**WORK REQUEST**: Repeat verbatim, and only, the lines of the data below, beginning at the line that contains "Deer and doe" and stopping after the line that contains "combinado): 300 – 400.".

**INFORMATION PROVIDED**:
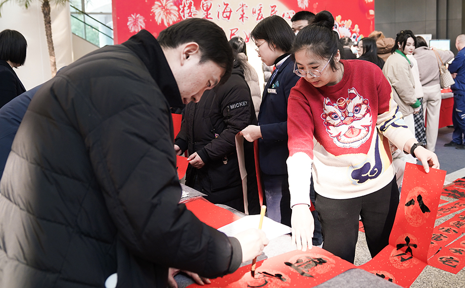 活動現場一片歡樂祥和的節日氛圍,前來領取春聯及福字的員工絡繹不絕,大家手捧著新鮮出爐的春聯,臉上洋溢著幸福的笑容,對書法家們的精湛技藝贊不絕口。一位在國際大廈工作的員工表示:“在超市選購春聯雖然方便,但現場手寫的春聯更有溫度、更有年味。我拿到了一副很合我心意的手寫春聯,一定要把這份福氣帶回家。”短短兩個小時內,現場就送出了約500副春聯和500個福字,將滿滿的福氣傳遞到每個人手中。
...
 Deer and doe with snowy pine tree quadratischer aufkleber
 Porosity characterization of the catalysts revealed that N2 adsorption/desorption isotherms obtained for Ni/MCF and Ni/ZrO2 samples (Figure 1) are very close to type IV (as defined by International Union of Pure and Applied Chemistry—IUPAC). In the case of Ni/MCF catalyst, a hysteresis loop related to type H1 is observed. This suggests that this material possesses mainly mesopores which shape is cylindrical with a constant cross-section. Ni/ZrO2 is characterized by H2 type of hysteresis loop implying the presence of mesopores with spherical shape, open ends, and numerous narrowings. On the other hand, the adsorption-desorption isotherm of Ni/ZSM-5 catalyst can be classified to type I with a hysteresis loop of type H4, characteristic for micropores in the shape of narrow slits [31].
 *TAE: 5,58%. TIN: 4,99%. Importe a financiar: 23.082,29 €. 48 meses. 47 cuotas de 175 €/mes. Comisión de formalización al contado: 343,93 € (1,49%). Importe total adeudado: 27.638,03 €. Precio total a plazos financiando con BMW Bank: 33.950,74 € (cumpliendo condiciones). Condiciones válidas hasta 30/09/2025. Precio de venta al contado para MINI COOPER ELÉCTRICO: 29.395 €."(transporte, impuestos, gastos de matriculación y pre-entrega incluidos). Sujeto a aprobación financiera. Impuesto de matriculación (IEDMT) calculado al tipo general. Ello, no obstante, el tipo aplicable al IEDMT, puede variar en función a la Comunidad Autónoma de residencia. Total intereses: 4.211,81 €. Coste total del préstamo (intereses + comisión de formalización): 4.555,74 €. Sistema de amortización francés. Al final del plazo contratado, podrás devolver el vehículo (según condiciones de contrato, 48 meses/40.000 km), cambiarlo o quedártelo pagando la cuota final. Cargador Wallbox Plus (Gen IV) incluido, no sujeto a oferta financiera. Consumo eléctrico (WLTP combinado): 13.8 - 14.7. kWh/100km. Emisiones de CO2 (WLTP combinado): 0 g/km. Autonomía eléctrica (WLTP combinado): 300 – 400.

**WORKED SOLUTION**:
 Deer and doe with snowy pine tree quadratischer aufkleber
 Porosity characterization of the catalysts revealed that N2 adsorption/desorption isotherms obtained for Ni/MCF and Ni/ZrO2 samples (Figure 1) are very close to type IV (as defined by International Union of Pure and Applied Chemistry—IUPAC). In the case of Ni/MCF catalyst, a hysteresis loop related to type H1 is observed. This suggests that this material possesses mainly mesopores which shape is cylindrical with a constant cross-section. Ni/ZrO2 is characterized by H2 type of hysteresis loop implying the presence of mesopores with spherical shape, open ends, and numerous narrowings. On the other hand, the adsorption-desorption isotherm of Ni/ZSM-5 catalyst can be classified to type I with a hysteresis loop of type H4, characteristic for micropores in the shape of narrow slits [31].
 *TAE: 5,58%. TIN: 4,99%. Importe a financiar: 23.082,29 €. 48 meses. 47 cuotas de 175 €/mes. Comisión de formalización al contado: 343,93 € (1,49%). Importe total adeudado: 27.638,03 €. Precio total a plazos financiando con BMW Bank: 33.950,74 € (cumpliendo condiciones). Condiciones válidas hasta 30/09/2025. Precio de venta al contado para MINI COOPER ELÉCTRICO: 29.395 €."(transporte, impuestos, gastos de matriculación y pre-entrega incluidos). Sujeto a aprobación financiera. Impuesto de matriculación (IEDMT) calculado al tipo general. Ello, no obstante, el tipo aplicable al IEDMT, puede variar en función a la Comunidad Autónoma de residencia. Total intereses: 4.211,81 €. Coste total del préstamo (intereses + comisión de formalización): 4.555,74 €. Sistema de amortización francés. Al final del plazo contratado, podrás devolver el vehículo (según condiciones de contrato, 48 meses/40.000 km), cambiarlo o quedártelo pagando la cuota final. Cargador Wallbox Plus (Gen IV) incluido, no sujeto a oferta financiera. Consumo eléctrico (WLTP combinado): 13.8 - 14.7. kWh/100km. Emisiones de CO2 (WLTP combinado): 0 g/km. Autonomía eléctrica (WLTP combinado): 300 – 400.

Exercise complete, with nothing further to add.